Problem requirements
All entries below must be retyped exactly, though pictures are to be skipped.

Supplied data
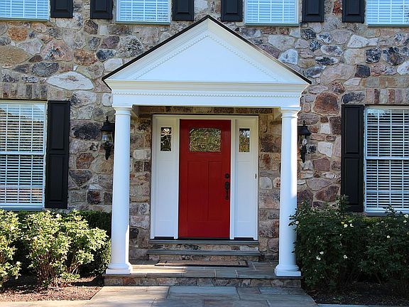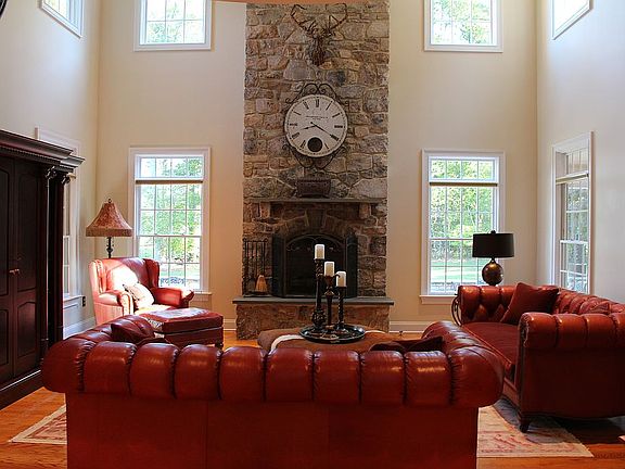 Elegant stone front Estate custom built by Glenn Hess set on 4.86 gorgeous acres in Solebury. This Home has been designed for fabulous entertaining; Large blue stone patios, a gathering area with outdoor stone fireplace,heated salt water pool & spa, built in grill area. Set at the end of a cul de sac the lot allows for the ultimate in privacy and has striking professional landscaping to set the scene. A two Story entry with hardwood floors and a split staircase flanked by a formal living room and dining room with butler's serving bar. Throughout the home there are transoms, double crown molding, raised panel wainscoting, tray ceilings, wide doorways, and high ceilings, so many refined and upgraded details. There are two Gathering Rooms, the first is a spacious and impressive two story media room with walls of windows, large cherry bar and island with bar sink & mini-refrigerator. The second has a floor to ceiling stone fireplace and ample windows. The Gourmet Kitchen contains high end appliances, granite counters, custom tile backsplash and is open to the Breakfast Room. The lower walk-out level has a tile floor and offers a full Bath with another laundry, large living area and Kitchenette. Upstairs is the Master Suite complete with luxurious Bath, fireplace, two walk-in closets and a bonus room which could be an additional office or exercise room. A princess suite, and two more Bedrooms sharing a Bath. Additional highlights: private first floor Office with built-ins, Mud/Laundry Room with custom cabinetry. Three-car attached and three-car detached heated garages, a whole house generator, natural gas, central vac system.
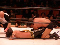 シャークがタイガードライバー(右写真)。この技は必須なのだなあ。カウントは1。
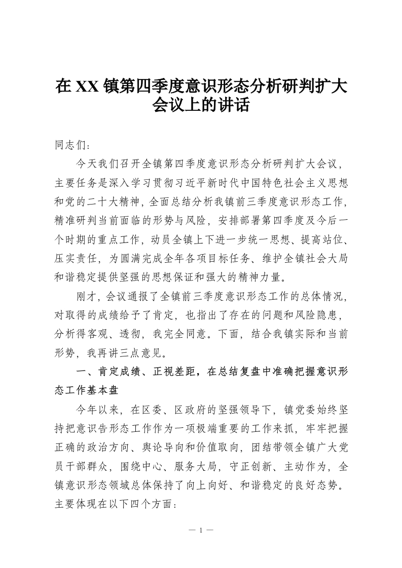 在XX镇第四季度意识形态分析研判扩大会议上的讲话
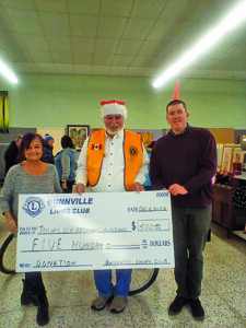 DUNNVILLE—Julia’s Old Fashioned Christmas Charity, a thrift store previously located on Broad Street in Dunnville, celebrated its grand opening at its new location on December 5, 2022. The charity has taken over the old Salvation Army building at the corner of Bridge Street and Queen Street in Dunnville. The significantly larger space is expected to allow the charity to grow and to offer new services in the future. Above, (l-r) owner Julie Marchese helps cut the ribbon alongside MPP Bobbi Ann Brady, Mayor Shelley Ann Bentley, Lion Wray McLean, and Councillor Patrick O’Neill. Below, Marchese accepts a $500 cheque from the Dunnville Lions to support their community endeavours. Shown is Marchese with McLean and O’Neill.
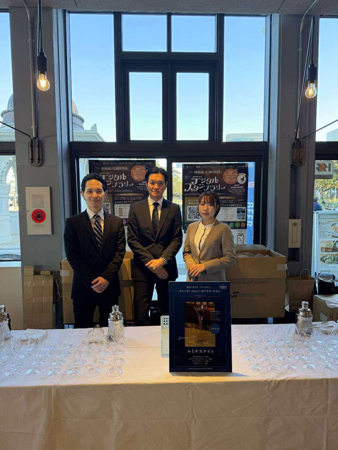 長友会員、芦田会員、岡田会員がイルミネーションをイメージしたオリジナルカクテルとノンアルコールカクテルを提供致しました。
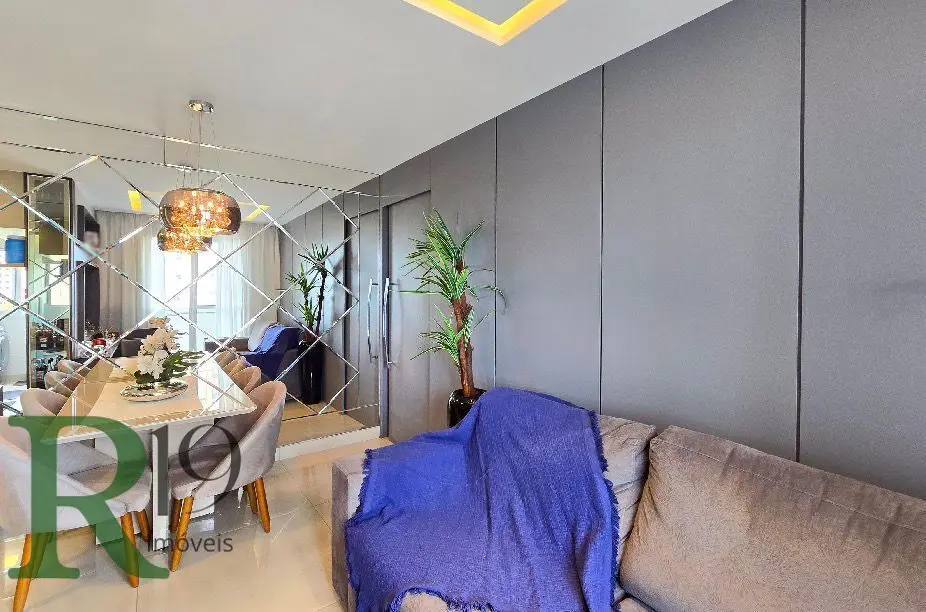 Sala para dois ambientes com espelho, teto rebaixado, iluminação embutida e sacada envidraçada
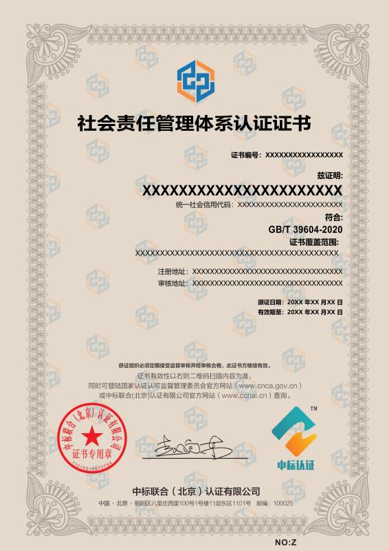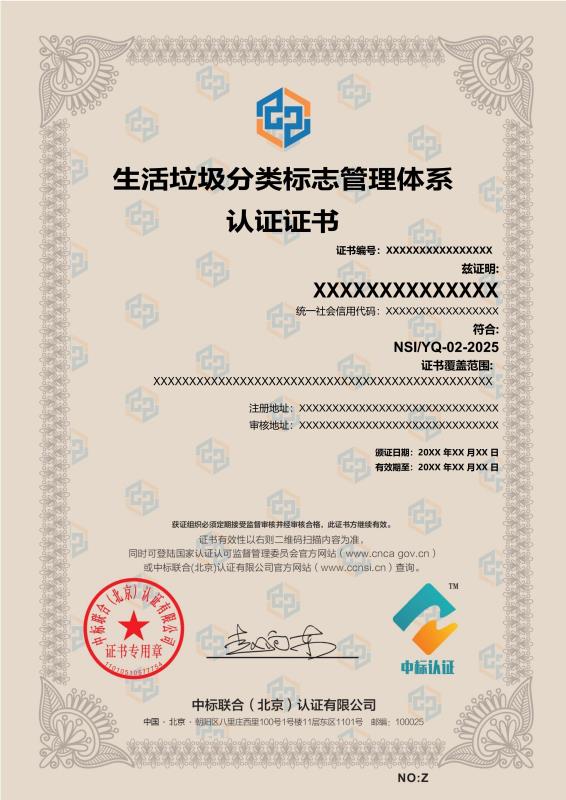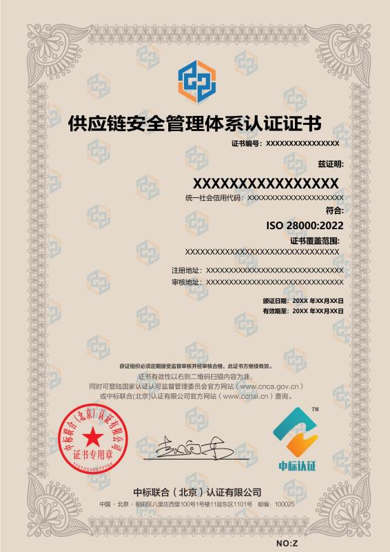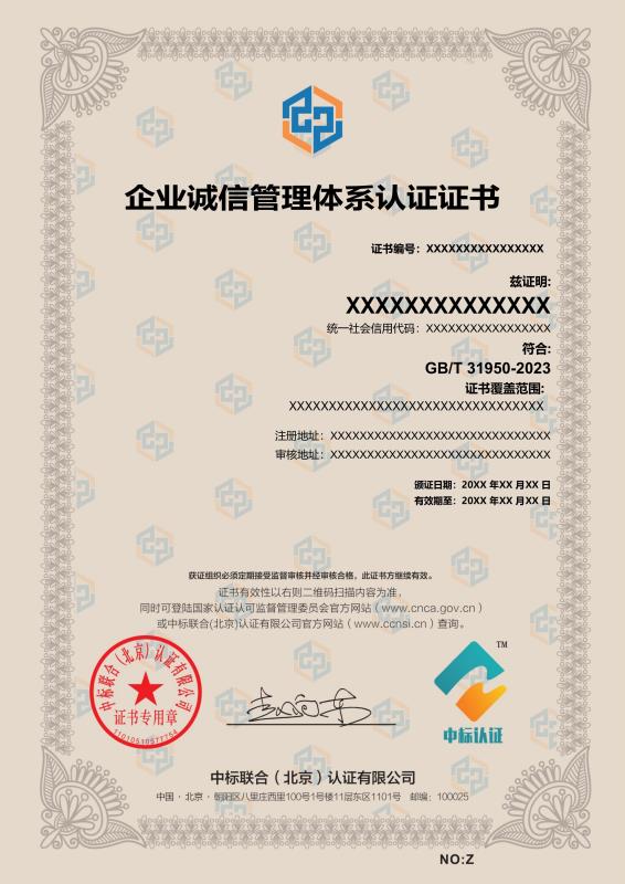 管理體系證書樣本展示
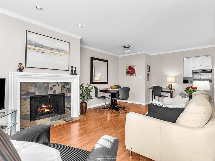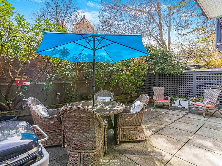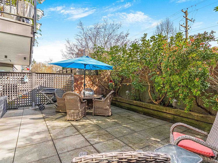 Welcome to Cambridge Place-a fabulous suite in the heart of Fairview & Cambie Village with a walking score of 95! This spacious 660 sq ft south facing garden unit has a spacious 366 sq ft patio perfect for entertaining and your TWO pets. BONUS TWO parking stalls!! Updated kitchen cabinets and newer stainless steel appliances. Open concept living/dining with a stunning updated fireplace and built in book shelves. Generous in-suite laundry with ample storage. This well maintained building has seen major updates including: rain-screening/roof/window/balconies/ parkade membrane(2003) and building repiping completed in 2005. Buy with confidence. Can't beat this great location for easy access to Skytrain, VGH, fitness facilities, groceries.OPEN HOUSE SUNDAY APRIL 26TH, 2:00-4:00PM
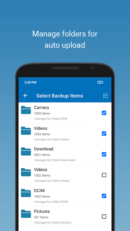 - The Entire phone gallery will be automatically backed up and kept up to date.
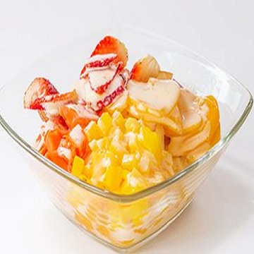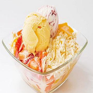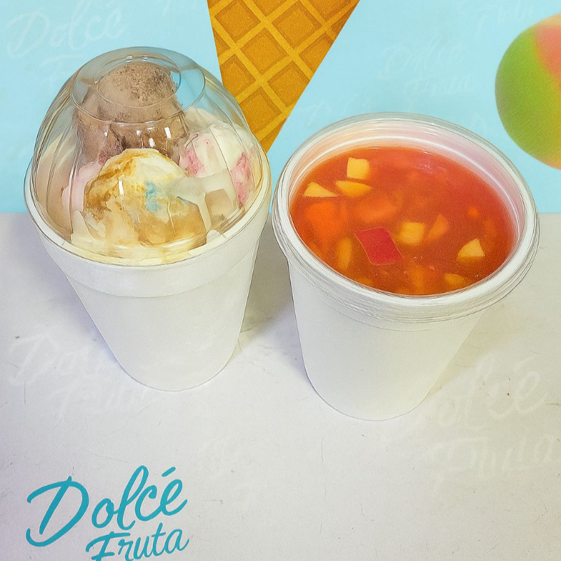 Variedad de frutas picadas, acompañada de 2 sabores de sabores de helado, queso, crema de leche o yogur.

Your response
 Elegant stone front Estate custom built by Glenn Hess set on 4.86 gorgeous acres in Solebury. This Home has been designed for fabulous entertaining; Large blue stone patios, a gathering area with outdoor stone fireplace,heated salt water pool & spa, built in grill area. Set at the end of a cul de sac the lot allows for the ultimate in privacy and has striking professional landscaping to set the scene. A two Story entry with hardwood floors and a split staircase flanked by a formal living room and dining room with butler's serving bar. Throughout the home there are transoms, double crown molding, raised panel wainscoting, tray ceilings, wide doorways, and high ceilings, so many refined and upgraded details. There are two Gathering Rooms, the first is a spacious and impressive two story media room with walls of windows, large cherry bar and island with bar sink & mini-refrigerator. The second has a floor to ceiling stone fireplace and ample windows. The Gourmet Kitchen contains high end appliances, granite counters, custom tile backsplash and is open to the Breakfast Room. The lower walk-out level has a tile floor and offers a full Bath with another laundry, large living area and Kitchenette. Upstairs is the Master Suite complete with luxurious Bath, fireplace, two walk-in closets and a bonus room which could be an additional office or exercise room. A princess suite, and two more Bedrooms sharing a Bath. Additional highlights: private first floor Office with built-ins, Mud/Laundry Room with custom cabinetry. Three-car attached and three-car detached heated garages, a whole house generator, natural gas, central vac system.
 シャークがタイガードライバー(右写真)。この技は必須なのだなあ。カウントは1。
 在XX镇第四季度意识形态分析研判扩大会议上的讲话
 DUNNVILLE—Julia’s Old Fashioned Christmas Charity, a thrift store previously located on Broad Street in Dunnville, celebrated its grand opening at its new location on December 5, 2022. The charity has taken over the old Salvation Army building at the corner of Bridge Street and Queen Street in Dunnville. The significantly larger space is expected to allow the charity to grow and to offer new services in the future. Above, (l-r) owner Julie Marchese helps cut the ribbon alongside MPP Bobbi Ann Brady, Mayor Shelley Ann Bentley, Lion Wray McLean, and Councillor Patrick O’Neill. Below, Marchese accepts a $500 cheque from the Dunnville Lions to support their community endeavours. Shown is Marchese with McLean and O’Neill.
 長友会員、芦田会員、岡田会員がイルミネーションをイメージしたオリジナルカクテルとノンアルコールカクテルを提供致しました。
 Sala para dois ambientes com espelho, teto rebaixado, iluminação embutida e sacada envidraçada
 管理體系證書樣本展示
 Welcome to Cambridge Place-a fabulous suite in the heart of Fairview & Cambie Village with a walking score of 95! This spacious 660 sq ft south facing garden unit has a spacious 366 sq ft patio perfect for entertaining and your TWO pets. BONUS TWO parking stalls!! Updated kitchen cabinets and newer stainless steel appliances. Open concept living/dining with a stunning updated fireplace and built in book shelves. Generous in-suite laundry with ample storage. This well maintained building has seen major updates including: rain-screening/roof/window/balconies/ parkade membrane(2003) and building repiping completed in 2005. Buy with confidence. Can't beat this great location for easy access to Skytrain, VGH, fitness facilities, groceries.OPEN HOUSE SUNDAY APRIL 26TH, 2:00-4:00PM
 - The Entire phone gallery will be automatically backed up and kept up to date.
 Variedad de frutas picadas, acompañada de 2 sabores de sabores de helado, queso, crema de leche o yogur.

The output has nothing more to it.